Bataille: “Na het ontslag van zowel Gaby Demanet als Dennis van Wijk werd ik even hoofdtrainer. We behaalden in de slotweken 13 op 15. Met een draw op de slotspeeldag dwongen we het behoud in tweede klasse af. De ontlading was énorm. Toch had ik er even genoeg van om assistent te zijn. Ondanks de redding riepen sommige supporters om mijn ontslag. Dat deed pijn. Ik werd de daaropvolgende jaren hoofdtrainer (én kampioen/promotie met Eernegem, Oostduinkerke, Zwevezele en Bredene, red.) om daarna terug te keren bij de beloften. Dat ik nu weer assistent ben bij de A-kern doe ik vooral voor de club van mijn hart.”

Meestal brengt een nieuwe trainer zijn eigen assistenten mee. Dat was nu niet het geval.

Jonckheere: “Slechts weinig coaches gaan in zee met voor hen onbekende assistenten. Maar in heel korte tijd zaten we allemaal op dezelfde golflengte Stijn is de trainer die KVO nodig heeft. Dat is ook de verdienste van Nils Vanneste: hij kijkt wie bij KVO past en kiest de mensen met het juiste DNA. Alle puzzelstukjes vallen nu mooi samen. Let wel: we zitten niet in de sportieve staf enkel en alleen wegens ons clubverleden. Mochten we niet over bepaalde kwaliteiten beschikken, stonden we hier niet.”

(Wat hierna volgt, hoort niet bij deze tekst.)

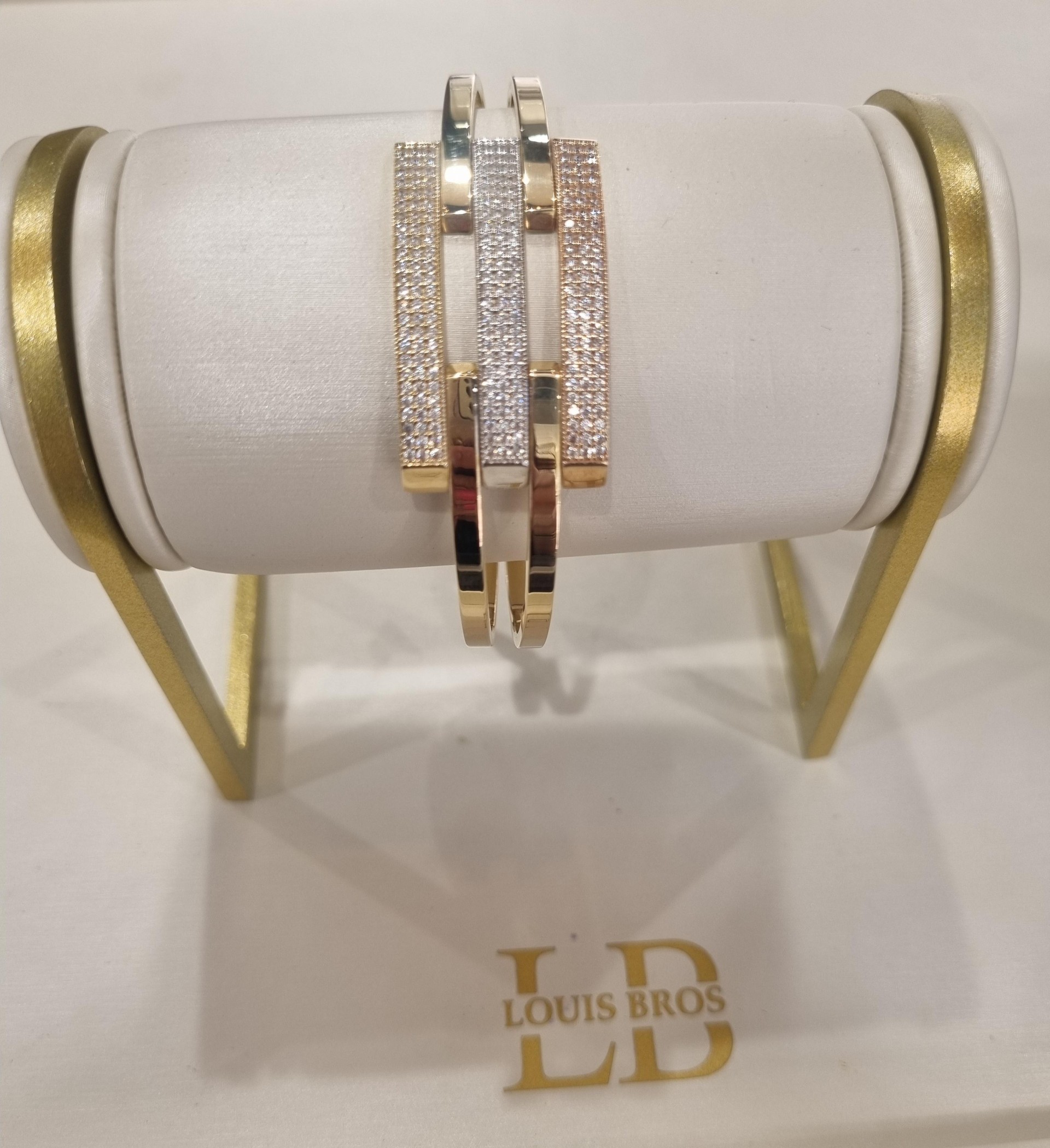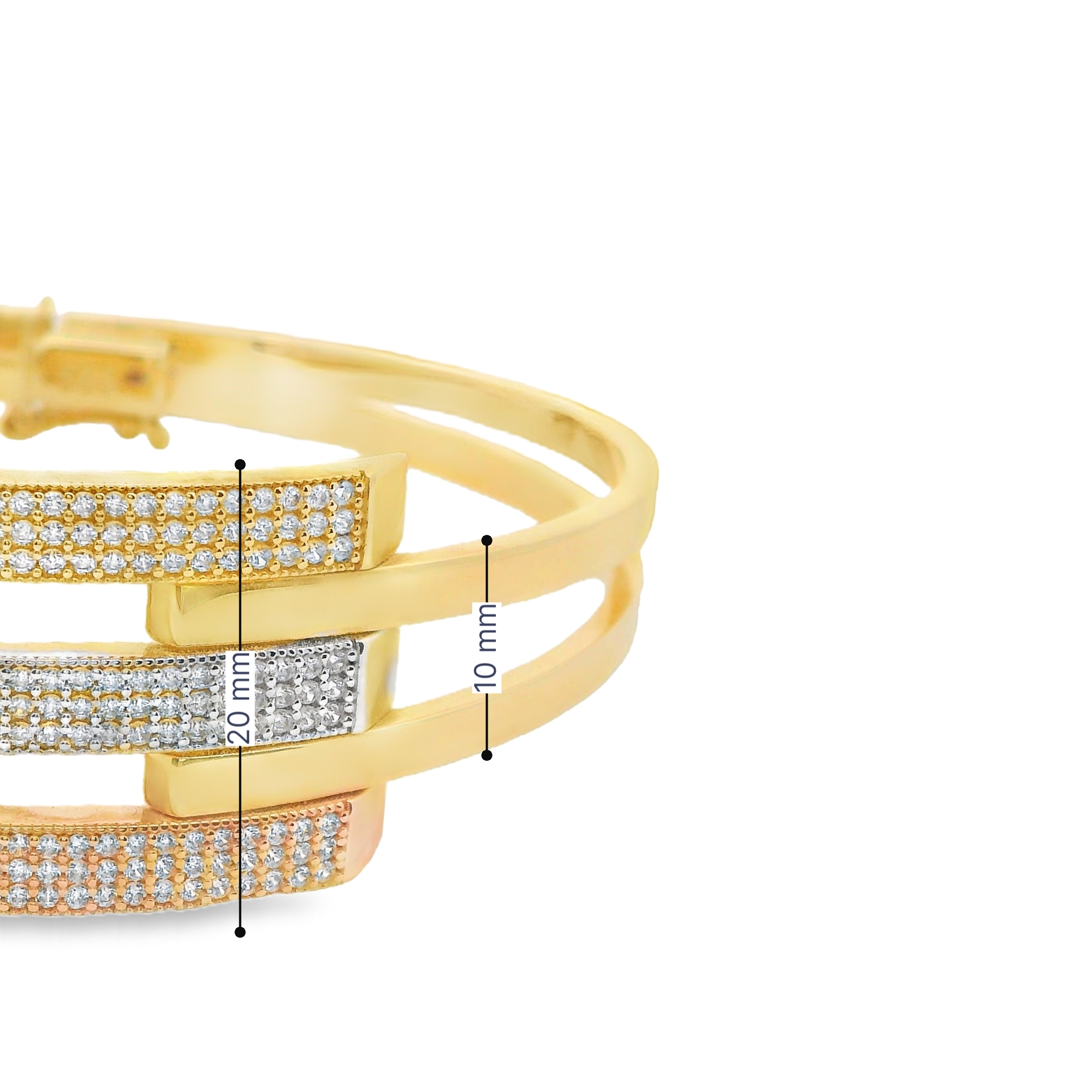 Deze exclusieve armband van Louis Bros is vervaardigd uit 14 karaat tricolor (12.64 gr.). Deze armband met fantasie design en zirkonia is een opvallend en stijlvol sieraad. De combinatie van geelgoud, witgoud en roségoud geeft de armband een unieke en veelzijdige uitstraling. Het fantasie design zorgt voor een artistiek en eigentijds karakter, terwijl de fonkelende zirkonia's een vleugje glamour en schittering toevoegen. Deze prachtige armband is perfect om elke outfit te verfraaien en is geschikt voor zowel dagelijkse draag als speciale gelegenheden. Een tricolor gouden armband met fantasie design en zirkonia is een elegant en veelzijdig juweel dat zeker de aandacht trekt.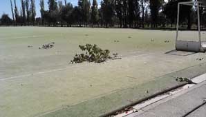 La última vez que fue utilizado el campo de juego fue en el pasado mes de diciembre. Los problemas que enfrentan las instalaciones son de variada naturaleza, pero el principal sería el de la bomba de agua que lo abastece, la que se encuentra inutilizable. Según los trabajadores del lugar, la máquina no puede extraer agua porque en el fondo de la napa hay una piedra que lo impide. “Sé que es muy caro, pero lo ideal sería hacer un pozo de 120 metros y volver a contar con el agua para que la cancha pueda alimentarse”, expresó una portera del Instituto Superior de Educación Física Nº 20, más conocido como La Granja. A esto debe sumársele que el césped artificial está gastado y rajado en algunas zonas, los arcos tienen huecos en sus bases y los desagües están tapados con basura.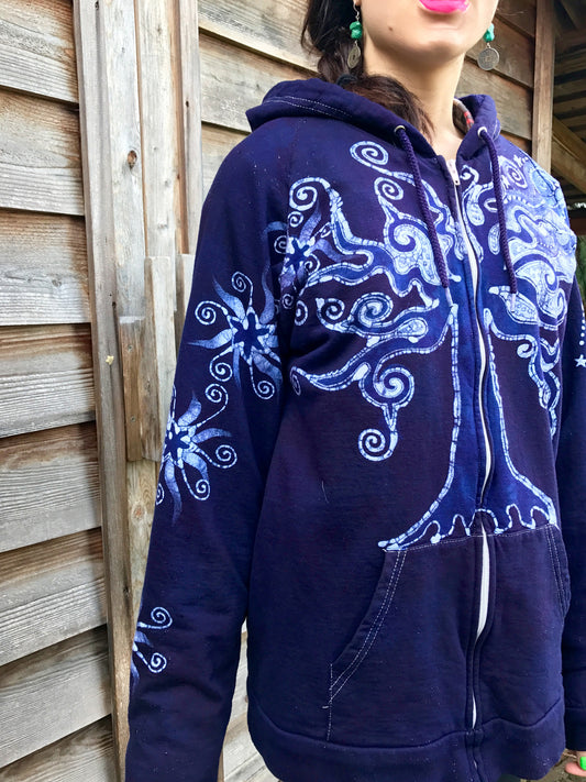 Deep Blue Midnight Moon Tree Organic Batik Hoodie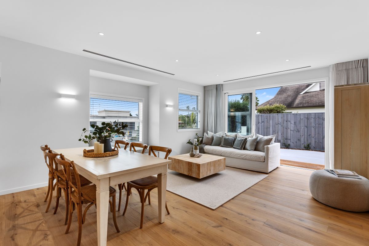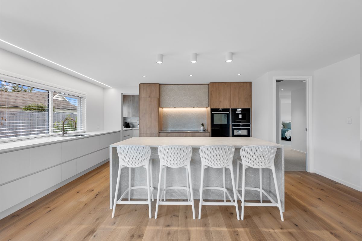 This Mount Maunganui home combines luxury, meticulous craftsmanship, and bespoke design, featuring a bespoke kitchen, angled cedar and Belgian brick cladding, and travertine-clad bathrooms.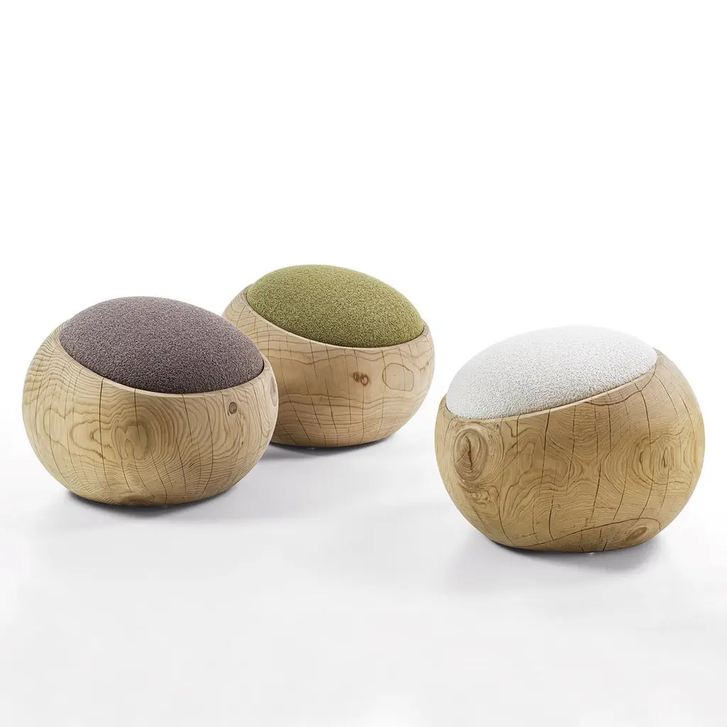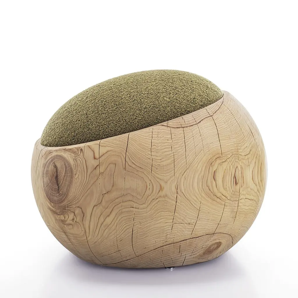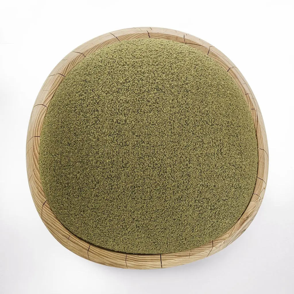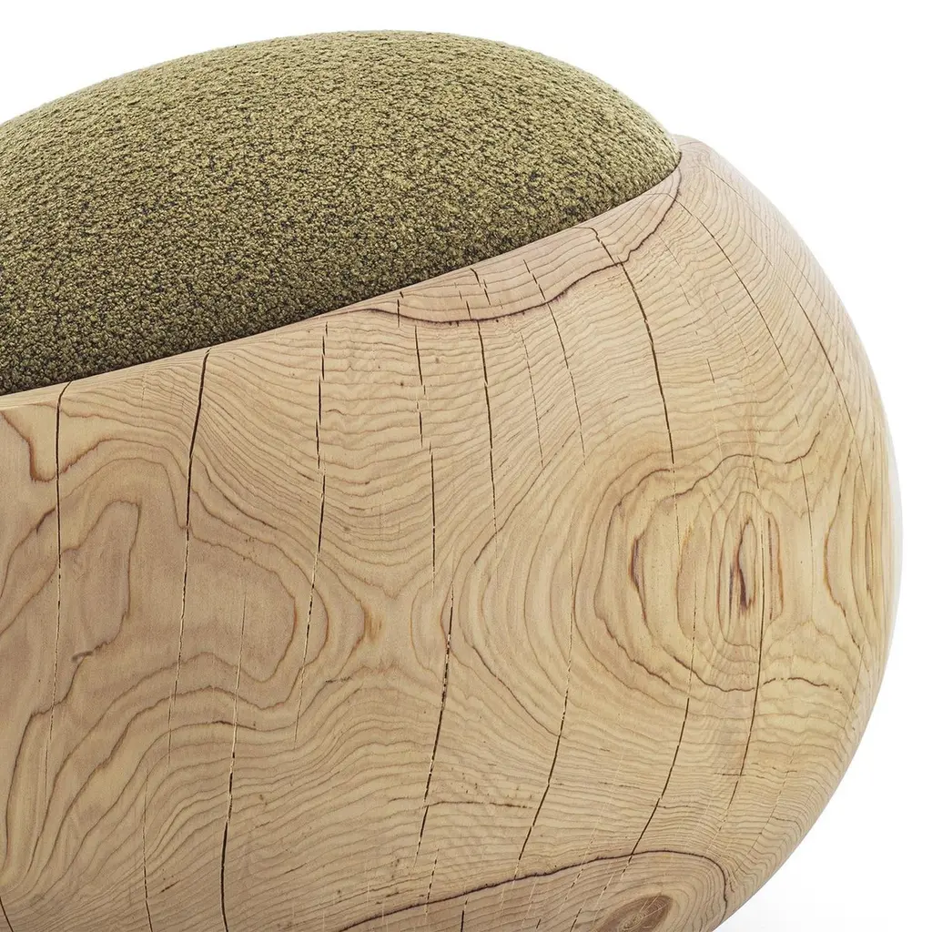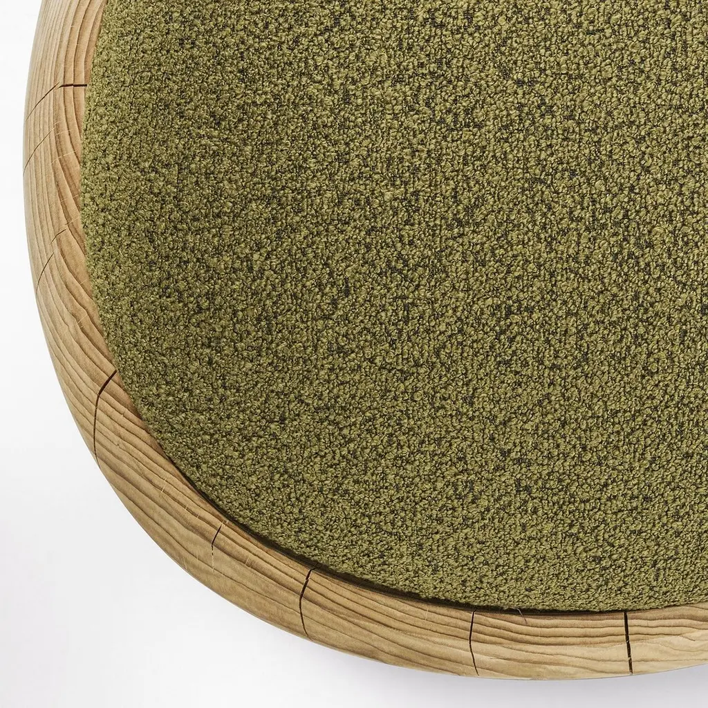 Stool Bud Kaki Cedar with structure in solid cedar wood,wood treated with wax with natural pine extracts, stoolupholstered and covered with bouclé fabric in kaki color.Also available on request with bouclé fabric in white coloror in brown color.Solid cedar wood include movement, cracks and changesin wood conditions, this is the essential characteristic of natural solid cedar wood due to natural settlement and different environmental conditions.

Ervaren jullie druk om extra te presteren net wegens dat KVO-verleden?

Jonckheere: “Enkel Stijn en Nils kunnen ons beoordelen. Kijk, het is nu ook zinloos om grote ambities uit te spreken. De spelerskern kan er over enkele weken helemaal anders uitzien. Laat ons nu eerst een positieve werkomgeving creëren en de banden met de fans aanhalen, en dán pas over resultaten spreken.”

Bataille: “Absoluut. We moeten eerst reorganiseren en zorgen voor positief realisme. Als dat lukt, volgen de resultaten.”

Slotvraag: wat is volgens jullie de ideale assistent-coach?

Jonckheere: “Geen jaknikker, maar iemand met een mening. Er mag geen niveauverschil zijn tussen de trainingen van de hoofdcoach en assistenten. Een goeie assistent weet wat leeft in de groep en steunt een hoofdtrainer door dik en dun.”

Bataille: “Klopt. We zijn allemaal assistenten: fysiektrainer Korneel Deceuninck, keepertrainer Peter Mollez, videoanalist Jarne Kesteloot, Michiel en ik. We spreken niet over T2 of T3, maar over ‘assistenten’. We werken voor de coach en voor KVO, en willen allemaal hetzelfde: mooie resultaten behalen.”